No help of light to help say why,

Only usurpation's snow-deadened hiss

That ended each self-formed singleness

Distilled from upper vagueness and the cold.

They did not fall because they had been told.

They fell because there was nothing else to do

But fall, and this the ocean knew.

 

In a Manger

It lay self-entangled, curled as ramshorns,

—And pushed the belly into being mother—

Who, to be herself, had first to the Other,—

Which looked as if it didn’t want being born.

Its sideways was more, and worse, than backwards.

It had to be sawn out to be itself a lamb,

Startle the clover and bleat "I am."

The bowie knife came handy without a word.

A tense scarlet torn sort of giving-in,

A clattering shape cauled on scattered straw,

Ungainly upright legs besides the ewe’s,

Shook me wet and bellowed out of pain.

What had come too soon would need a mother’s milk.

I pulled all night through wetness with raw silk.

 

The Paper Mill

I look into the portions of my thought, cold and dull.

Wheel in wheel unsettles the quiet mill asleep

And puts an uneasy harness on all I feel.

The river like a clock runs fast and deep.

Soon there will be paper, deep and white.

Wet slush from the chute, heaps of pulp and dust,

Driven by the living water to be a blank in sight.

A haaing gear gives my cheek a buss.

I pole a belt to the drive shaft, and all begins—

Horses in wheels turn, turn in their dreams;

Floorboards shake with purpose, dark and dim.

The razor nibs of the saw-wheel start a seam.

I weep, weep for sleep and do as I must.

I look into the cold dull portions of my thought.

 

A Blue Perhaps

The provident power of hurt and harm

The provenance of an eye ingathers,

(Its certain witness of a moment's charm

That lightly changes a life forever),

Bluely demonstrates in this morning glory

That measures us, our smallness and our fear,

With too blue an eye to ever bear

Until a touch of night shuts its story.

Then we dream, with a certain sort of blue rue,

And wonder in sleep's deep wanderment

If the sun will show us what to do

Or if dreaming can tell us what we meant.

An eye perhaps has followed us all day through,

But we do not know the eye's intent.

 

Water-Break

Having grown long words in fieldgrass daylong,

I stepped into a wooded brook to dip

Ink-worded hands into the snickering quips

Offered up by the silverquick stream;

I wondered just what the water had meant to mean,

Whose loose stones insist the water into song.

Many times I had lost what footing I had felt,

Suddenly cried out, or laughed in despair,

By hard wet things beneath thrown over,

Raw agony raised to the eloquence of a welt;

And, with water in my mouth, I'd often remarked

The sincerer operations of the lark,

Spilling a slippery noise above taciturn rocks

That break bones and never forget.

Rooted Things

Three dark junipers shadow where time stood,

Representative of my brothers and

Myself, from earth and water grown to good

Plain wood on the township's public land.

Huddled under them by the neighboring pond

Fireworks cracked to color July the Fourth;

We then, as I now, beside the dawn-like mud

Stood every year we'd been on earth,

Three stranger brothers our divided folks

Reaped as seedlings from the brick adoption house

Into a home too shy and shamed for such a name.

Now torn away ourselves to spouses

And lives, from rooted things by time unyolked,

I stand between the trees without a name.

 

Wake

I wake in dark. The air itself seems stained.

The dark appears a darkness self-sustained

By whatever of darkness must remain

Even at whitest noon. But this is not noon.

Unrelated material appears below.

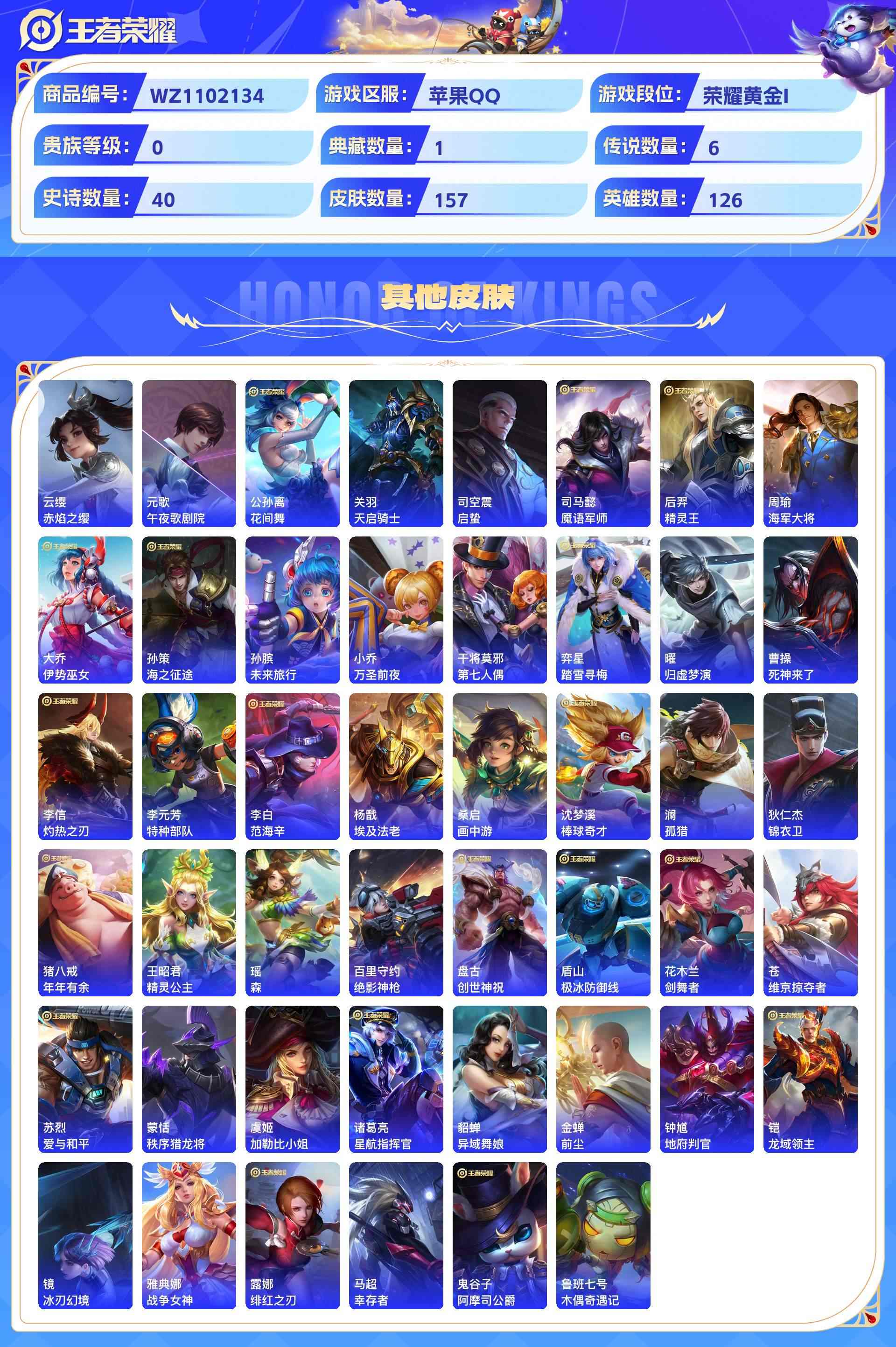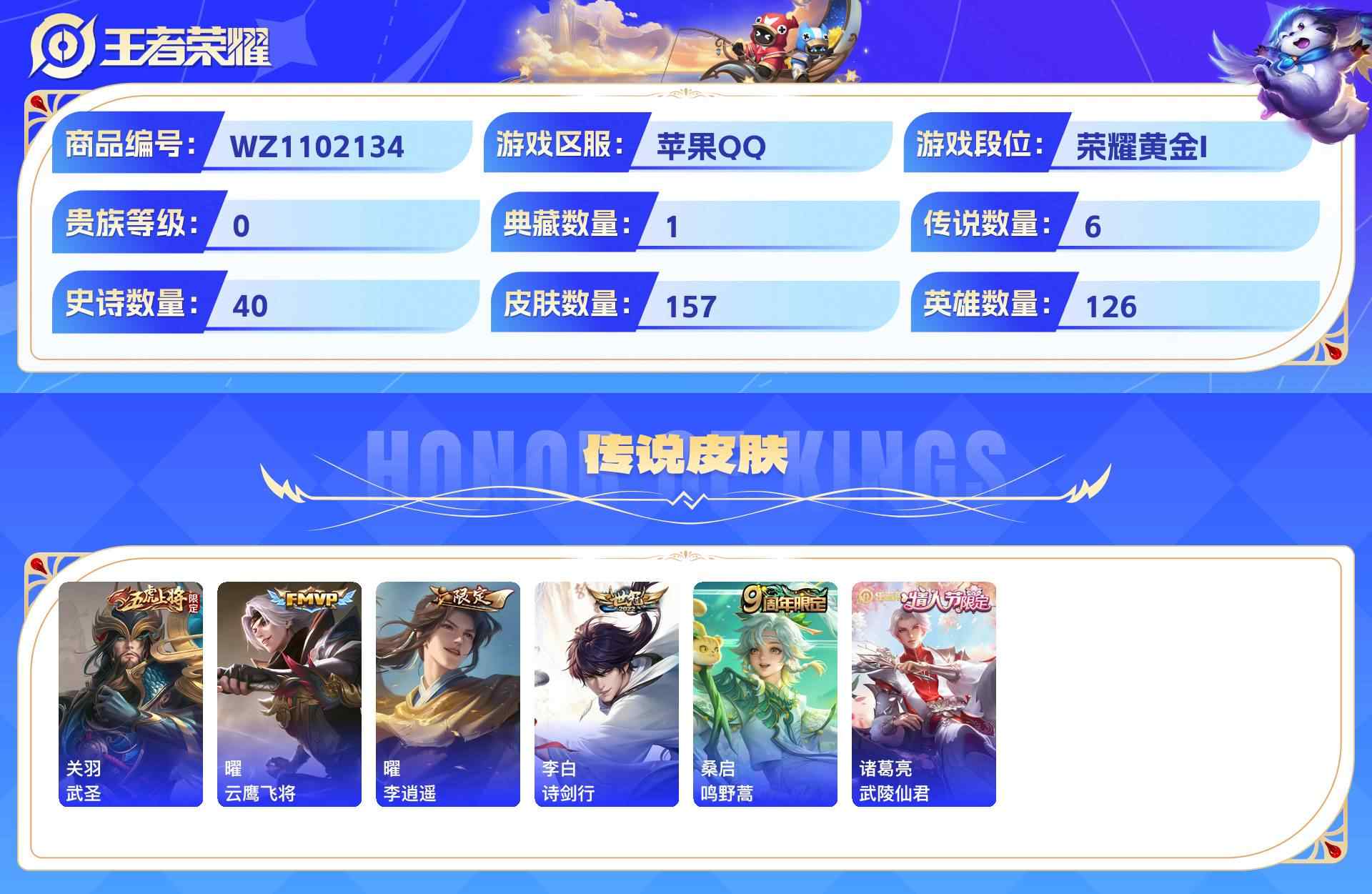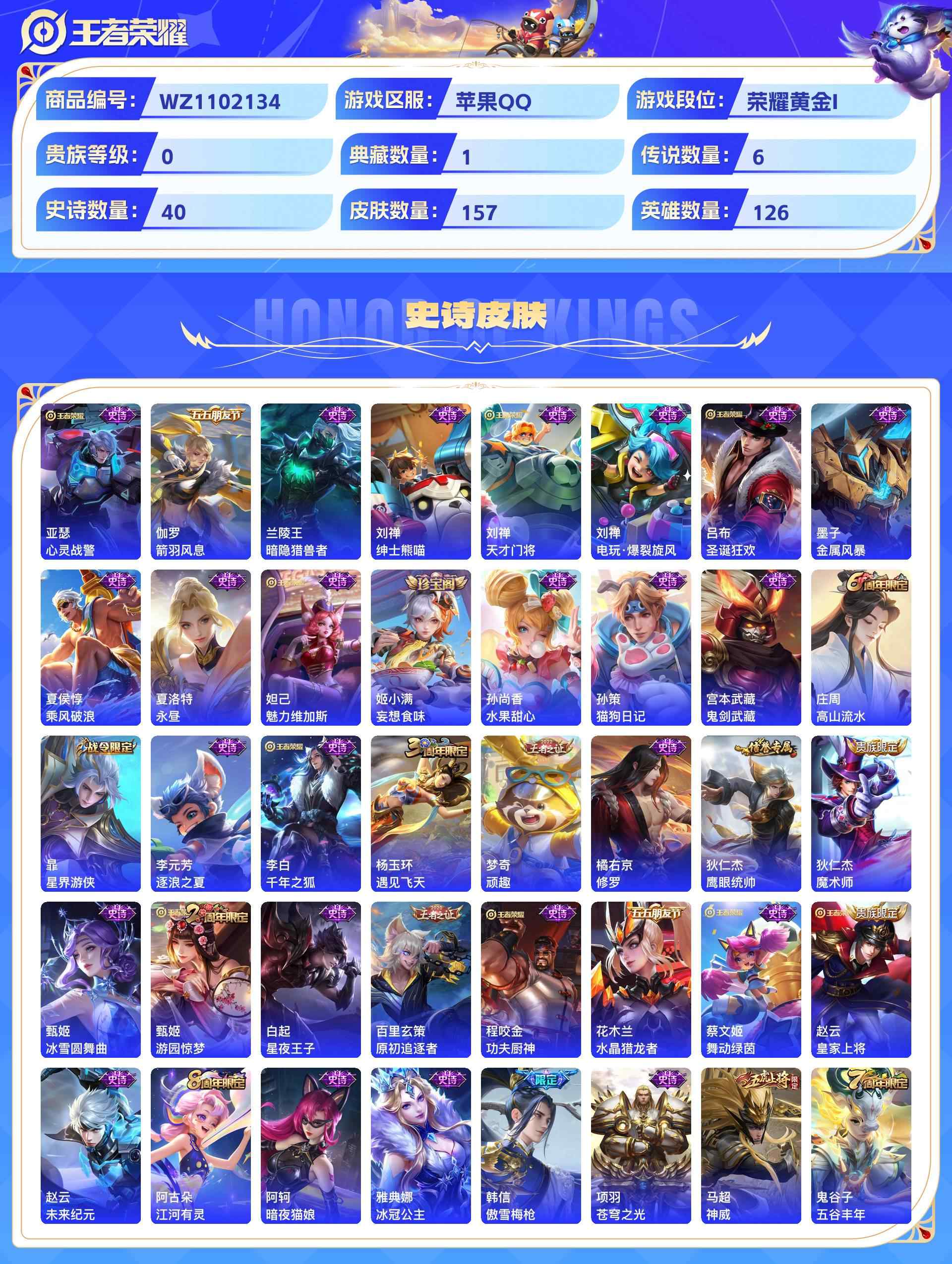 wz1102134|精品号可二次苹果qq 贵族7级 157皮 1典藏(鸣剑·曳影) 6传说(武圣云鹰飞将李 诗剑行鸣野蒿武陵仙君) 40史诗2个性按键

This is the dark without a shadow, without a moon;

A dark that won't stay shut in rooms;

One that follows even the ripest mood

And rots there, and will not give way to good.

This is the dark wolves build in woods

Who have no hands and whose teeth are sure.

This is the black that cancels the cure;

This the emptiest hour and the deepest hurt.

This lies behind eyes and bottoms every heart.

This it is that makes a faster beating start.

 

The Ant-Lion

His dusty body goes backwards to be dust.

On dust more frictionless than ice

A frantic slipping ant will make us wince

To see a crucible mind no more than claw;

A mind that harbors no dark thought to appall

But shapes his perpetual falling wall.

He does not jump for justice or to be just.

Summer’s first rain-drop rolls in dust a world

Whose wet invites all wetness hints of growth

(Such a world may we recognize in drought).

Silent and dry, he emerges like a roar

And makes the molten tension burst,

And drowns himself with water, nothing more.

And a something unrepeatable is learned.

The Willow Bond

"Let’s have a game of truth or dare," she said.

She snapped a longly hanging willow-wand.

We shared the field with no one but ourselves

And the willow that knew us from the play of years

That fountained alone and yellow in the field.

Winter’s tears to April dew had yielded.

"The game is played by our both being blind

Until the willow tells true where true love abides."

A hint of mischief’s smile filled my closing look.

She offered an antennae-end; I felt and took.

"A willow wand between two lovers’ hands

Communicates the tension of love’s bond."

The switch, whip-supple, wetly flailed,

Live as a shedding snake held head and tail.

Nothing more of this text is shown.